One of the techs brought my scrubs back, and they all left the room so I could dress. Looking at the metal tray, I had a pretty fair idea about my test results.

Had the fire in the cabin been a coincidence? Maybe I hadn’t started it at all. Maybe it had been Eric, at a distance. The pieces didn’t add up.

One of the techs escorted me to the doctor’s office. It was the most normal room I’d seen since I’d been here, painted a soothing shade of pink with the usual commodity watercolors hanging on the wall. The thin doctor waited for me behind her desk. A plaque on the desk read Dr. A. Jenn. She hadn’t bothered to introduce herself before the tests, I noted.

“Catrina,” she said, once I was seated in an uncomfortable visitor’s chair. “I have some interesting news.”

“Oh?” I said.

“Your test results are a little unexpected. We understood from witness accounts that you had started this fire, a large manifestation.”

Witness accounts. Plural. I guess both Eric and Justine had shared that little gem. My brother I’d forgive, but when I saw Justine to relay Eric’s message, I’d be sure to mention my gratitude to her.

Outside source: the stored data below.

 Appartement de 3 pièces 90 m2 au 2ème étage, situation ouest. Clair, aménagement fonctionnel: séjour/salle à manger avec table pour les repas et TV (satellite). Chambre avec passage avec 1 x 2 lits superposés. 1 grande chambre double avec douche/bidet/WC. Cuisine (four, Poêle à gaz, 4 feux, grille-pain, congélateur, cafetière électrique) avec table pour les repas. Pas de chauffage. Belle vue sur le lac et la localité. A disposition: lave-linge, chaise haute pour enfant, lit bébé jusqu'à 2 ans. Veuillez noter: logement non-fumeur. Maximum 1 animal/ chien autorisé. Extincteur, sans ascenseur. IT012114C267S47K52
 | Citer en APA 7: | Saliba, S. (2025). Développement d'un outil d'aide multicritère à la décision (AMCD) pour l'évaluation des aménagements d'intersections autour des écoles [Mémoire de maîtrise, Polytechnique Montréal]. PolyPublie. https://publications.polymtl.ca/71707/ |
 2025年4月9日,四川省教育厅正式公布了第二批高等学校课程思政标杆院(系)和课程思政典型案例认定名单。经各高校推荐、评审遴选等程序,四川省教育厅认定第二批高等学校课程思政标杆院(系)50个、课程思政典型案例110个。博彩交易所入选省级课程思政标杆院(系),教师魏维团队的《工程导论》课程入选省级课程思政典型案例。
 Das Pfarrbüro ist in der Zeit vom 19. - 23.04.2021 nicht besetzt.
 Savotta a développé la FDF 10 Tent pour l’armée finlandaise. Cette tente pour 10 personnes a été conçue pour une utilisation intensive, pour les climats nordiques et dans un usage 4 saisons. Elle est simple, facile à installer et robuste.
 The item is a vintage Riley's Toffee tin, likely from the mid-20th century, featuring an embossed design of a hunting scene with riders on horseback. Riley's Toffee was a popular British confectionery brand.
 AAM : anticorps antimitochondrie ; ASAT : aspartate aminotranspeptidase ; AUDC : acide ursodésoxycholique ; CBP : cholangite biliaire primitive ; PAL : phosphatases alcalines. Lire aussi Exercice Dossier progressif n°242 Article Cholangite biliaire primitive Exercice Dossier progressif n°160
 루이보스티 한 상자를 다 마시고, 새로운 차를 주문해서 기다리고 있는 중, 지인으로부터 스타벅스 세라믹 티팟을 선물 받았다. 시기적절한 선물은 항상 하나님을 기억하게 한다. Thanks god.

“We ran you through the usual tests for someone who has displayed an uncontrolled incident of Talent. We expect to see particular patterns in the brain during the fMRI, and again during the test attempt.”

“And?”

“We didn’t see those patterns with you.”

I shrugged. “I guess I’m back where I started. It must have been Eric that started the fire, by accident.” Relief turned my muscles to rubber.

“This is the interesting part. We did see unusual patterns in your brain waves.” She leaned forward over the desk, her cold blue eyes locking with mine. “Not like anything I have ever seen before. And I’ve seen a lot.”

My stomach dropped, and a hint of cold dread began to trickle down my spine.

“When we look at the patterns…let me see, I’m trying to think how best to describe this in layman’s terms. Your brain activity is virtually the perfect inverse of what we see in the normal Talented individual.”

“You’re saying I’m remarkably un-Talented?” Typical.

“No, that’s not what I mean. There are parts of the brain, in the frontal lobe, and also in the brainstem, where we see activity in Talented individuals when they are using Talent, or recalling using Talent. Normal individuals don’t have a lot of activity in those particular areas. You have a great deal of activity in those parts of the brain, as much as I have ever seen.

“The pattern—the brain waves, if you want to think about it that way—is the inverse of a typical Talented pattern.”

I struggled to grasp what she was trying to tell me. “What does that mean? I don’t understand.”

“I don’t understand it either, Catrina, but I intend to figure it out. If we can find a way to invert these patterns, you will be one of the most Talented individuals we have ever encountered, if not the most Talented.”